Таркин задумался, не зная, что ответить.

– Неплохие, – сказал он. Это явно показывало, что Таркин с ними не знаком. – Уже совсем старые. Почти не выходят.

Неожиданно было слышать, что леди Клермонт назвали совсем старой. В моей юности это была сильная, вызывающая робость, но достаточно доброжелательная дама, элегантная, твердая, уверенная, обворожительная, но словно с металлическим стержнем в спине. На меня она, конечно, внимания не обращала. Я терся с краю на ее приемах, послушно сидел, где скажут, – обычно в части стола, выделенной для самых молодых, – добросовестно беседовал за обедом с соседями, гулял со старшими родственниками в саду, покупал ненужные безделушки на деревенских праздниках, читал в библиотеке.

Помню, как однажды она наткнулась на меня, когда я сидел и в подступающей темноте щурился на страницу. Леди Клермонт засмеялась и одним выключателем включила все лампы в комнате.

– Боитесь включить весь свет? – лукаво улыбнулась она и пошла дальше по своим делам, а я почувствовал такой стыд, что по спине побежал нервный пот.

На самом деле я действительно стеснялся включать свет или, вернее, надеялся, что кто-нибудь другой придет и включит его и ответственность будет не на мне. Но, как я уже сказал, она была добрым человеком. И не сердилась, что я все продолжаю приходить. Просто воспринимала равнодушно.

Когда мы подъехали к дому, нас приветствовали традиционно жизнерадостные садовники и садовые рабочие, каждый с фонариком. Они махали и сигналили нам, выкрикивая друг другу указания, пока благополучно не вывели нас с подъездной дороги на большое поле, где рядами стояли машины, и только тогда мы оценили подлинный масштаб мероприятия.

– Вы только посмотрите! – ахнула Бриджет. – Похоже, сегодня во всем Йоркшире никаких других событий.
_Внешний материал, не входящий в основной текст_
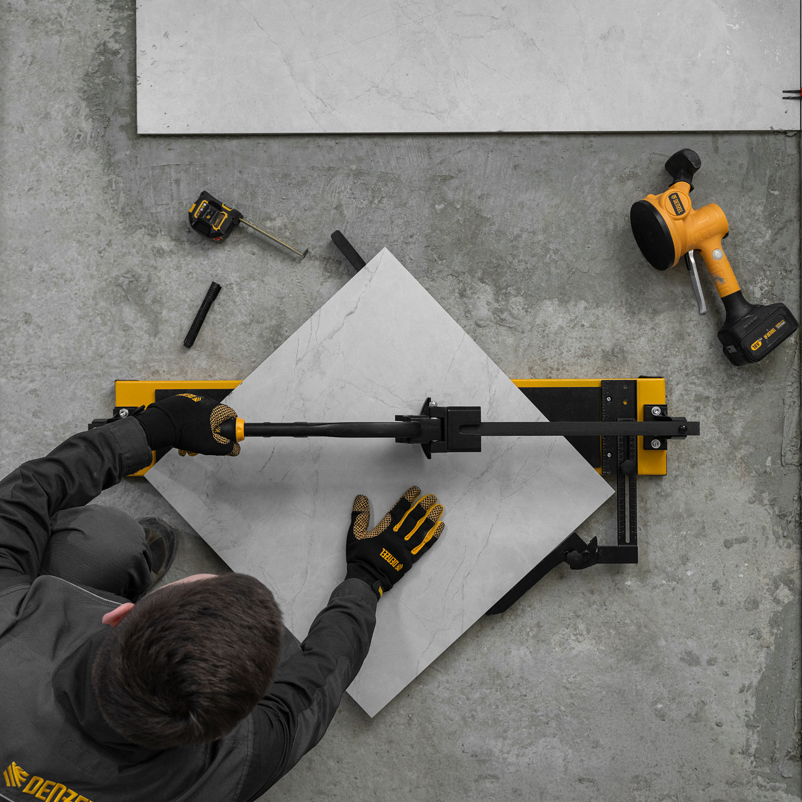 - Эргономичность — плитколом с магнитным держателем не создает помех во время резки.

– Вы убедитесь, что музыка здесь отвечает самым высоким стандартам, – произнес Таркин голосом стареющей учительницы географии, чем задушил на корню наше приподнятое настроение.

Мы припарковались и принялись выгружать из машины все для пикника. Таркин уже взял на себя ответственность за жуткую пластиковую переноску для вина и спешил к воротам, через которые мы должны были попасть обратно к празднествам. Мы поставили машину в поле и обогнули дом. Ворота в изящной железной ограде для овец вели нас прямо в парк, террасами спускающийся от заднего фасада аббатства далеко в долину, к озеру. Оценив размеры уже расположившейся там толпы, Таркин наверняка решил отыскать хорошее местечко и вскоре пропал из виду, оставив нас разбираться с остальными пожитками. Бриджет пошла вслед за ним с кучей подстилок и подушек, велев нам с Дженнифер тащить длинный белый холодильник. Мы с трудом ковыляли по полю, чуть не спотыкаясь на кустиках клевера.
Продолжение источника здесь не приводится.